Everything looks fine so far.

For the sake of brevity from here on, I will not display the full summary of the estimated parameters. We can also use lavaan::inspect to extract the necessary information.

The factor loadings in the model for each group with inter-item-correlations of .25 are .5 as expected. That is, the squared standardized loading is the explained variance of the indicator variable by the latent factor.

lavaan::inspect(fit_model_cor25_group1, 'std.all')$lambda
##    factor
## V1   0.49
## V2   0.50
## V3   0.52
## V4   0.49
lavaan::inspect(fit_model_cor25_group2, 'std.all')$lambda
##    factor
## V1   0.51
## V2   0.51
## V3   0.51
## V4   0.50

The means of the latent factor are close to 0 in the first groups and close to 0.2 in the second group, respectively.

lavaan::inspect(fit_model_cor25_group1, 'mean.lv')
## factor 
##  0.008
lavaan::inspect(fit_model_cor25_group2, 'mean.lv')
## factor 
##    0.2

We now merge the two data sets for each condition into one data frame.

data_frame_cor25 <- as.data.frame(rbind(test_norm_25_1, test_norm_25_2))
data_frame_cor50 <- as.data.frame(rbind(test_norm_50_1, test_norm_50_2))
data_frame_cor80 <- as.data.frame(rbind(test_norm_80_1, test_norm_80_2))
data_frame_cor99 <- as.data.frame(rbind(test_norm_99_1, test_norm_99_2))

A model is specified and estimated in which we have our basic factor model.

To test the difference between two parameter estimates, i.e., the means of the latent factor, we require a new parameter that estimates said difference.
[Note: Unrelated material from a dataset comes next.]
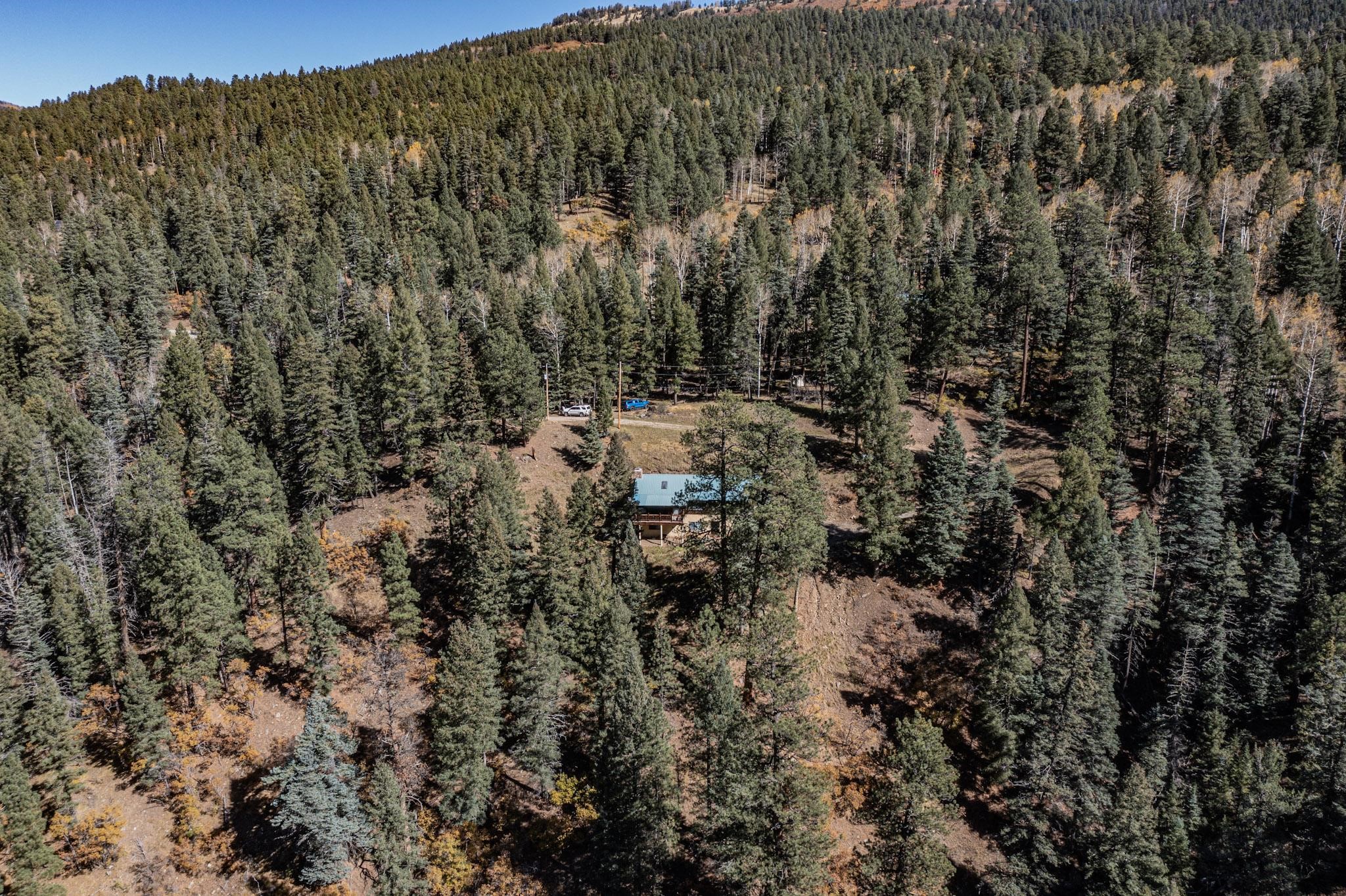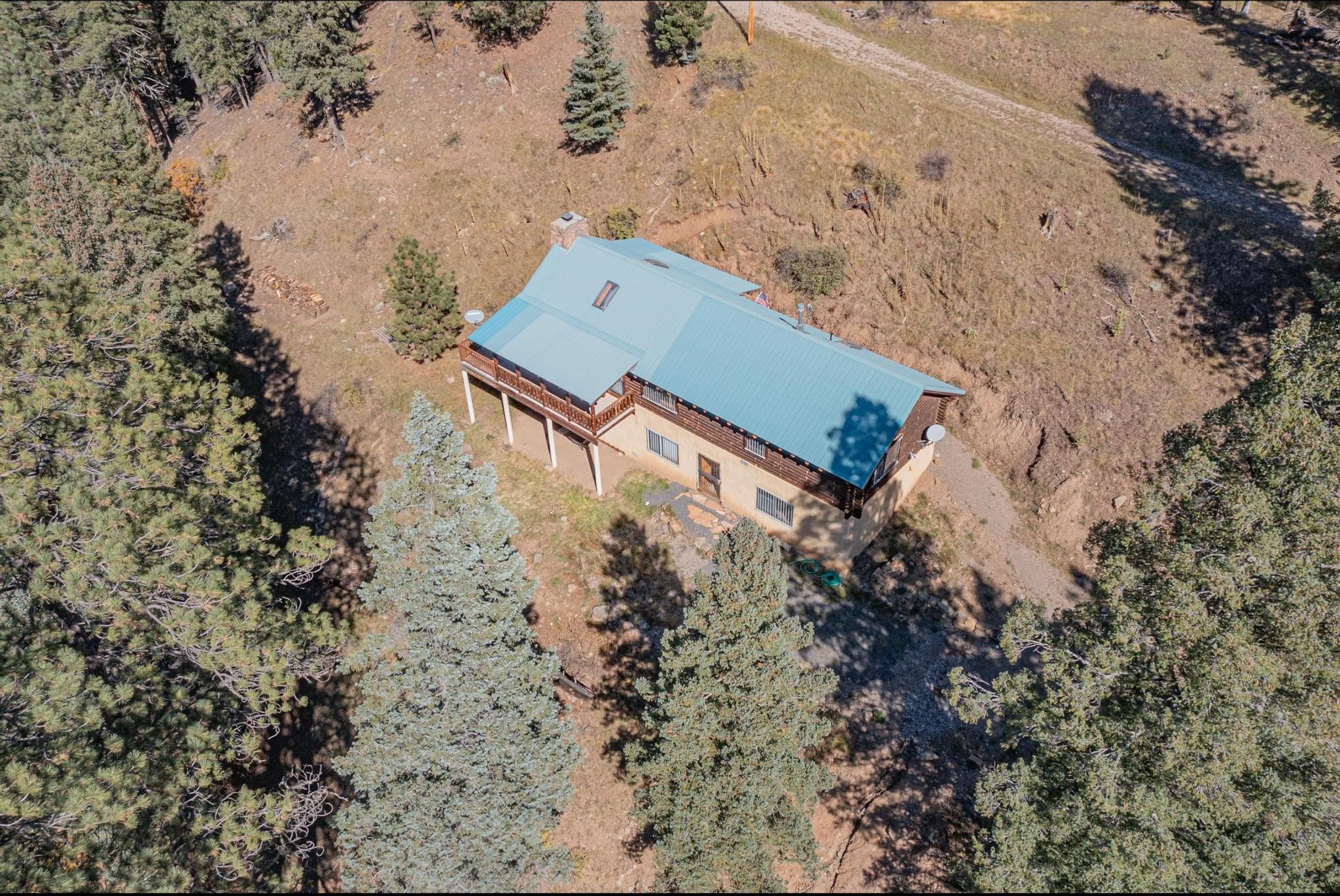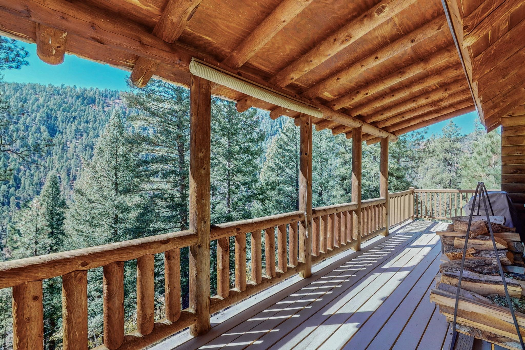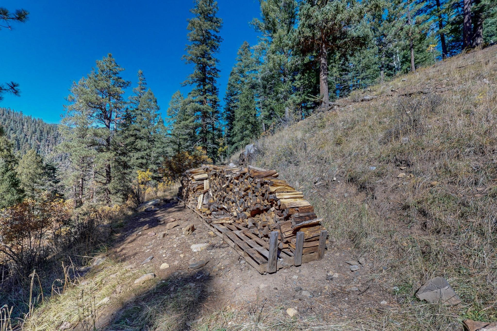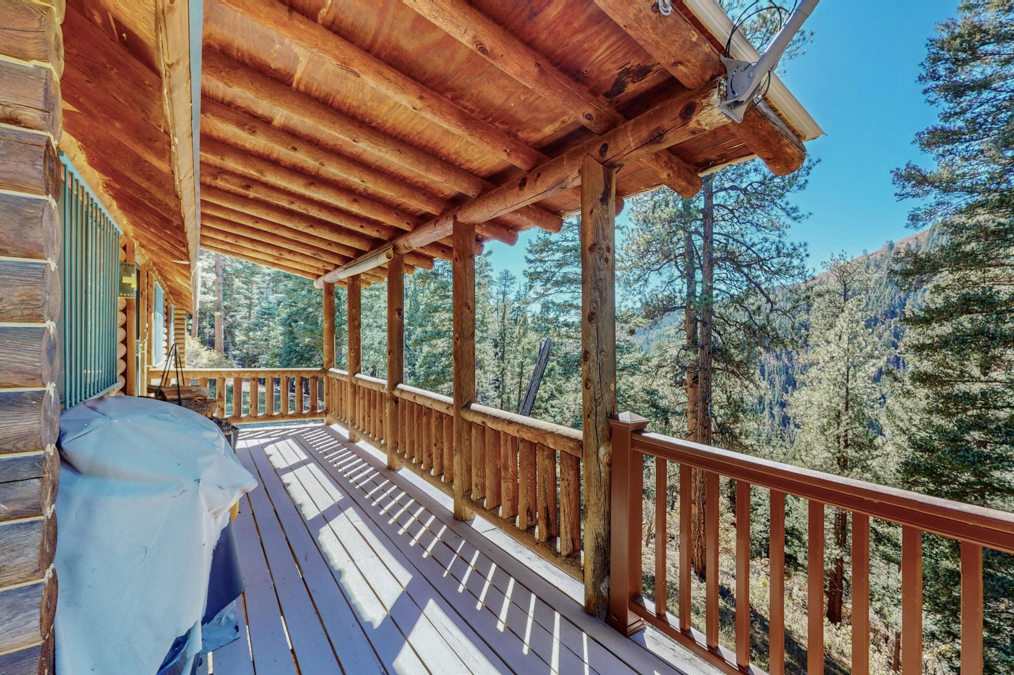 What folks say they want, Mountain cabin with stunning views at Pecos Canyon Estates, an hour east of Santa Fe just before the Pecos Wilderness accessed from Iron Gate Road. The listing includes 5 legal lots of record allowing for additional structures. The construction is log and block, 2 levels and includes private well, wrap around deck, rock fireplace, 1 bedroom and 2 baths. The upper portion is from well regarded Air-Lock Log Homes from Las Vegas, New Mexico. The home is 2/3rds completed, upper level with living room, kitchen, laundry area, primary bedroom and bath is finished and the lower level has finished bathroom and partially completed open spaces, priced at $369,000 accordingly. Additional features include land line telephone, internet with Wi-Fi, lift chair to lower level, propane heat above and baseboard electric heat below, and a private setting at the end of a country lane. There are no CCR's or a home owners association.

model_means <- 'factor =~ V1+V2+V3+V4

#label the means of the latent factor
factor ~ c(mean_1, mean_2)*1

#the := operator defines new parameters
#here, the difference between the two means of the latent factor
diff_mean := mean_2 - mean_1
'

We now estimate the model. Please note that in the code block below, we use equality constraints. As our data is almost perfectly normally-distributed and variables equally correlated in both groups, we would not necessarily need those constraints as parameters estimates will be similar without them, and thus our models are comparable at this point already. For real-world research data, you would need to ensure that there actually is measurement invariance in your groups.15 Aiming for strong measurement invariance at least a) the loadings and b) intercepts would be constrained to equality.

We thus also have equality constraints in the four models that are estimated now.

fit_model_cor25 <- cfa(model_means, #this is the specified model
                       data_frame_cor25, #this is the data frame
                       meanstructure=T, #estimates a mean structure
                       effect.coding = T, #estimates the model using effect coding
                       group = "group", #estimates the model for the two groups
                       group.equal = c("loadings", "intercepts")) #equality constraints for loadings and intercepts

fit_model_cor50 <- cfa(model_means, data_frame_cor50, meanstructure=T, effect.coding = T, group = "group", group.equal = c("loadings", "intercepts"))
fit_model_cor80 <- cfa(model_means, data_frame_cor80, meanstructure=T, effect.coding = T, group = "group", group.equal = c("loadings", "intercepts"))
fit_model_cor99 <- cfa(model_means, data_frame_cor99, meanstructure=T, effect.coding = T, group = "group", group.equal = c("loadings", "intercepts"))

We now take a closer look at the results, starting again with the condition of low inter-item-correlations (R1: \(r = .25\)).

#group1
lavaan::inspect(fit_model_cor25, 'mean.lv')$`1`
## factor 
##  0.008
#group 2
lavaan::inspect(fit_model_cor25, "mean.lv")$"2"
## factor 
##    0.2

The means of the latent factor are roughly 0 in the first groups and 0.2 in the second group, respectively. The same goes for all other data sets as can be seen in the table below.

Data set Mean Group 1 Mean Group 2
R1 - Cor25 0.01 0.2
R2- Cor50 0 0.2
R3 - Cor80 -0.03 0.19
R4 - Cor99 0.02 0.2

  1. Be aware: By using perfect correlations (i.e., a correlation of +1.0 or -1.0) the variance-covariance matrix will not be positive-definite.↩︎

  2. It is also possible to scale the factor variance by using std.lv = TRUE.↩︎

  3. See the chapter on measurement invariance in my coursebook in German or consult the literature (Brown 2015).↩︎